Lawrence Newcomb. Newcomb’s Wildflower Guide (Little Brown and Company, 1977), pp. 182-183.
Charles W. Johnson. Bogs of the Northeast (University Press of New England, 1985), p. 111-117.
Meiyin Wu & Dennis Kalma. Wetland Plants of the Adirondacks: Herbaceous Plants and Aquatic Plants (Trafford Publishing, 2011), p. 119.
Ronald B. Davis. Bogs & Fens. A Guide to the Peatland Plants of the Northeastern United States and Adjacent Canada (University Press of New England, 2016), pp. 190-191.
Donald D. Cox. A Naturalist’s Guide to Wetland Plants. An Ecology for Eastern North America (Syracuse University Press, 2002), pp. 86-87.
David M. Brandenburg. Field Guide to Wildflowers of North America (Sterling Publishing Company, Inc., 2010), pp. 494-495.
John Kricher. A Field Guide to Eastern Forests. North America (Houghton Mifflin, 1998), pp. 68-69.
Timothy Coffey. The History and Folklore of North American Wildflowers (FactsOnFile, 1993), pp. 69-70.
National Audubon Society. Veldgids voor Noord-Amerikaanse veldbloemen. Eastern Region. (Alfred A. Knopf, 2001), pp. 772-773.
William K. Chapman et al. Wildflowers of New York in Color (Syracuse University Press, 1998), pp. 52-53.
John Eastman. The Book of Swamp and Bog: Trees, Shrubs, and Wildflowers of Eastern Freshwater Wetlands (Stackpole Books, 1995), pp. 143-148.
Plants for a Future. Sarracenia purpurea – L. Retrieved 1 November 2017.
Steven Foster and James A. Duke. Medicinal Plants and Herbs of Eastern and Central North America (Houghton Mifflin Harcourt, 2014), pp. 161-162.
University of Michigan. Inheemse Amerikaanse Etnobotanie. A Database of Foods, Drugs, Dyes and Fibers of Native American Peoples, Derived from Plants.
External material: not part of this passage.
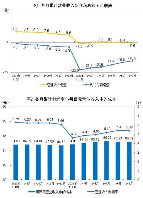 1—7月份,規模以上工業企業實現營業收入73.22萬億元,同比下降0.5%;發生營業成本62.40萬億元,增長0.2%;營業收入利潤率為5.39%,同比下降0.95個百分點。
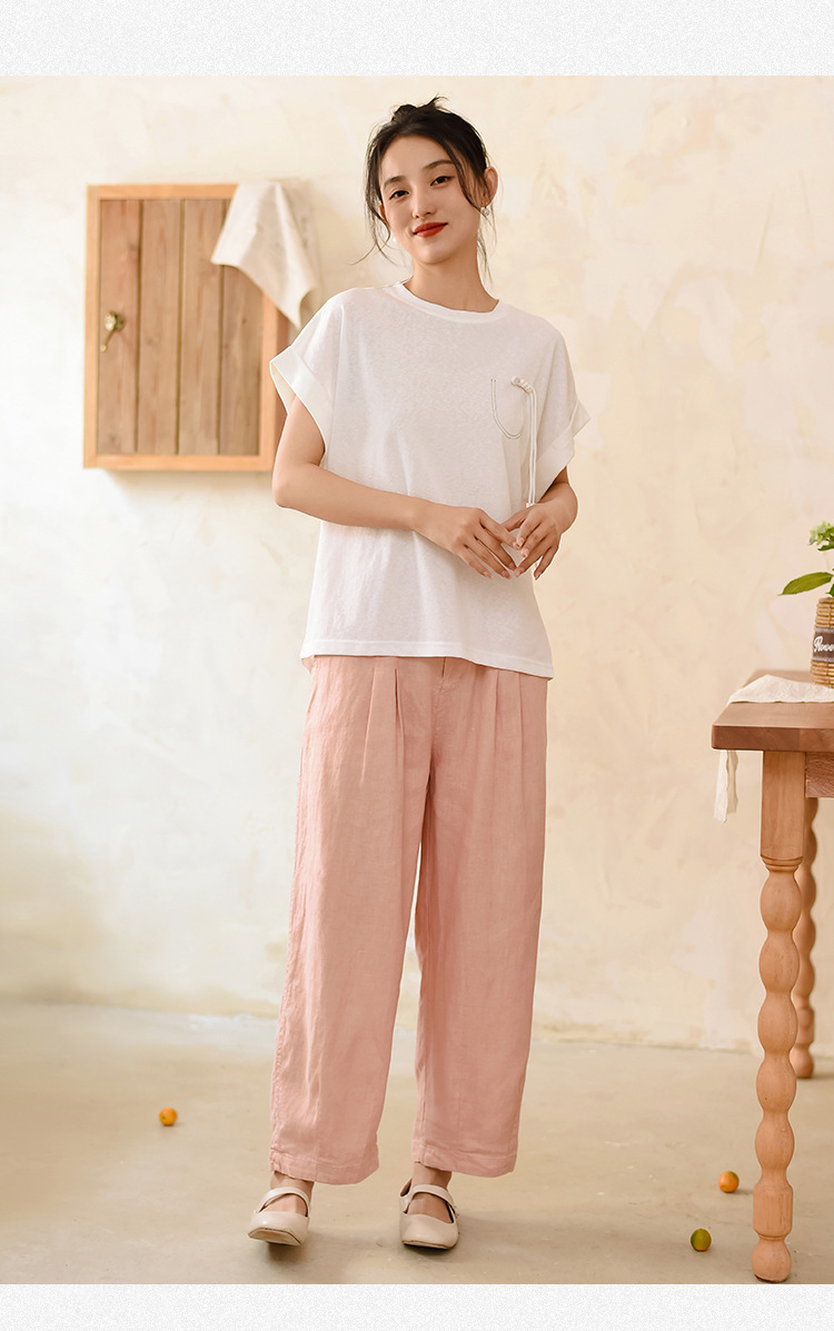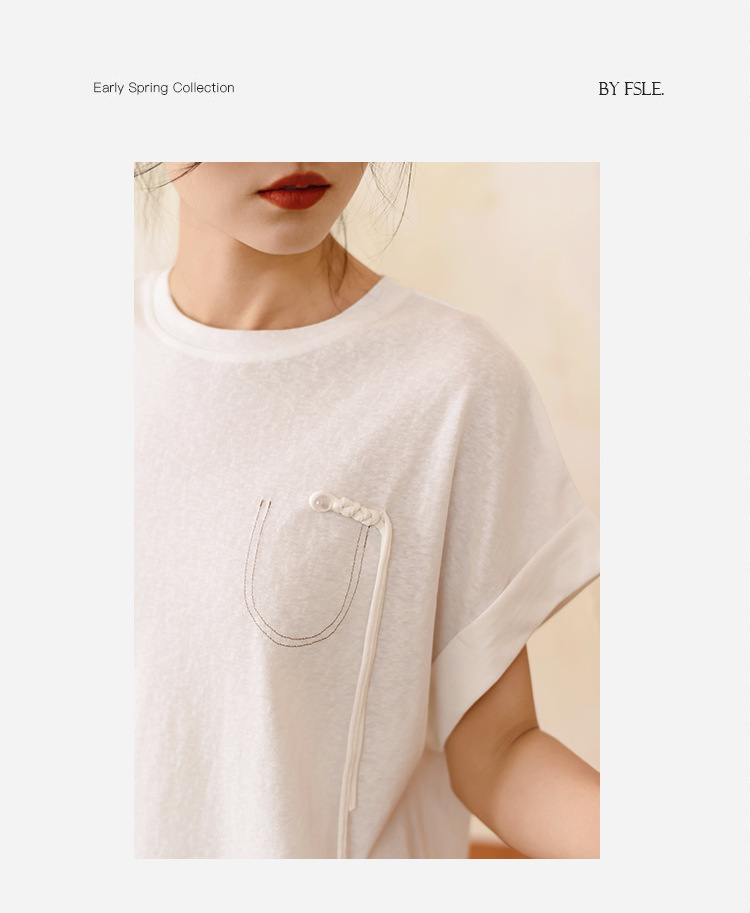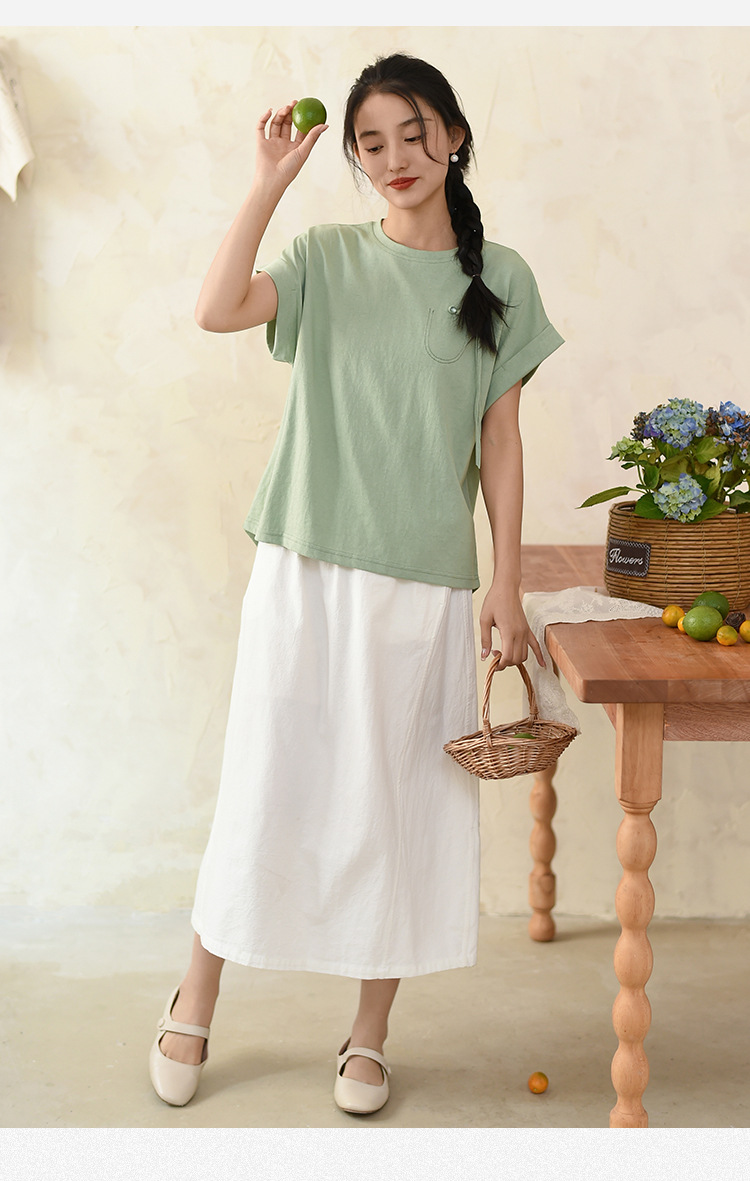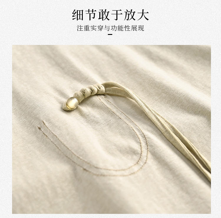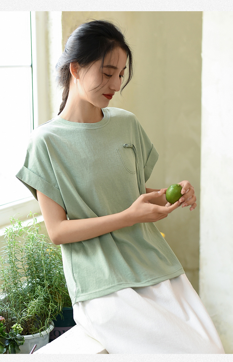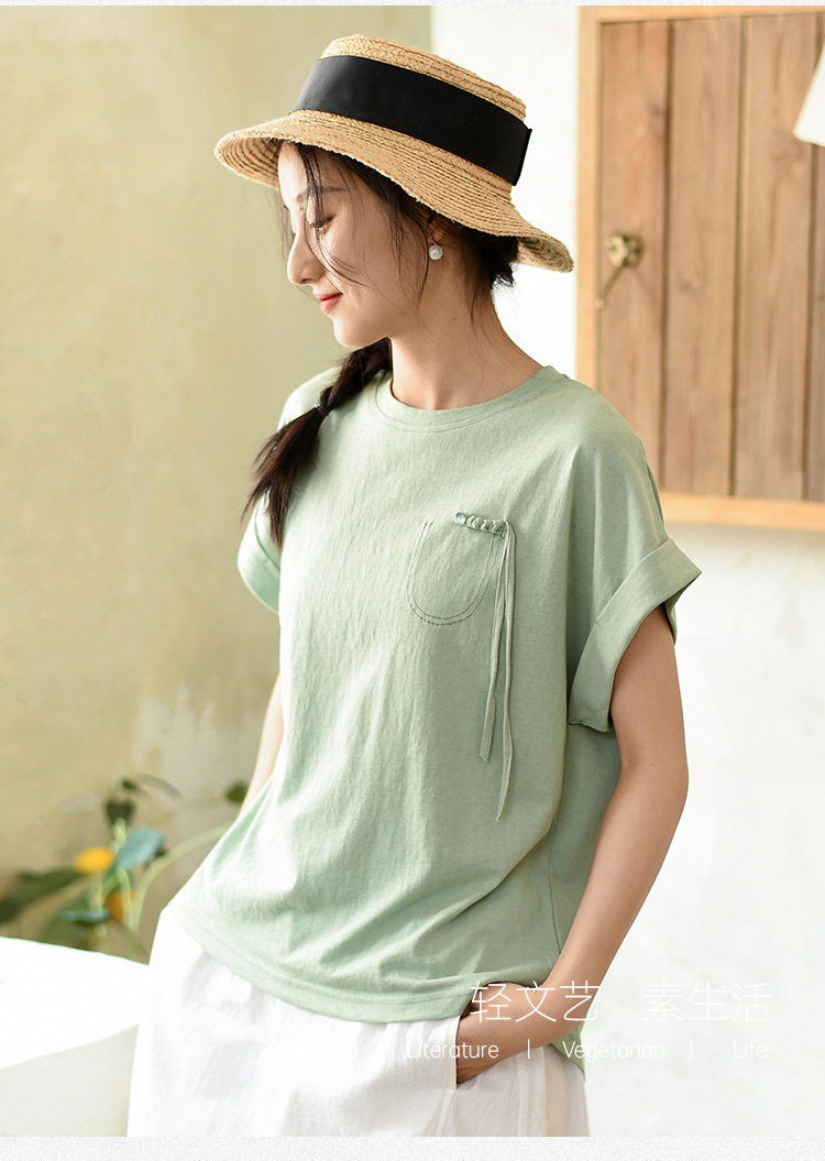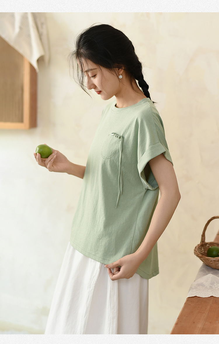 复古中国风圆领短袖t恤,设计感新中式针织上衣QM-6297

Sarracenia purpurea L. Purple Pitcherplant. Op 1 november 2017 ontleend.
Iowa State University. BugGuide. Geslacht Wyeomyia. Retrieved 1 November 2017.
Iowa State University. BugGuide. Genus Exyra – Mekelplantmotten. Retrieved 1 November 2017.
Allen J. Coombes. Dictionary of Plant Names (Timber Press, 1994), p. 166.
Charles H. Peck. Planten van Noord Elba. (Bulletin of the New York State Museum, Volume 6, Number 28, June 1899), p. 76 Retrieved 22 February 2017.
Charles H. Peck. Planten van Noord-Elba. (Bulletin van het New York State Museum, jaargang 6, nummer 28, juni 1899), p. 76. Retrieved 22 February 2017.
Dictionary of Canadian Biography. Sarrazin (Sarrasin), Michel. Retrieved 2 November 2017.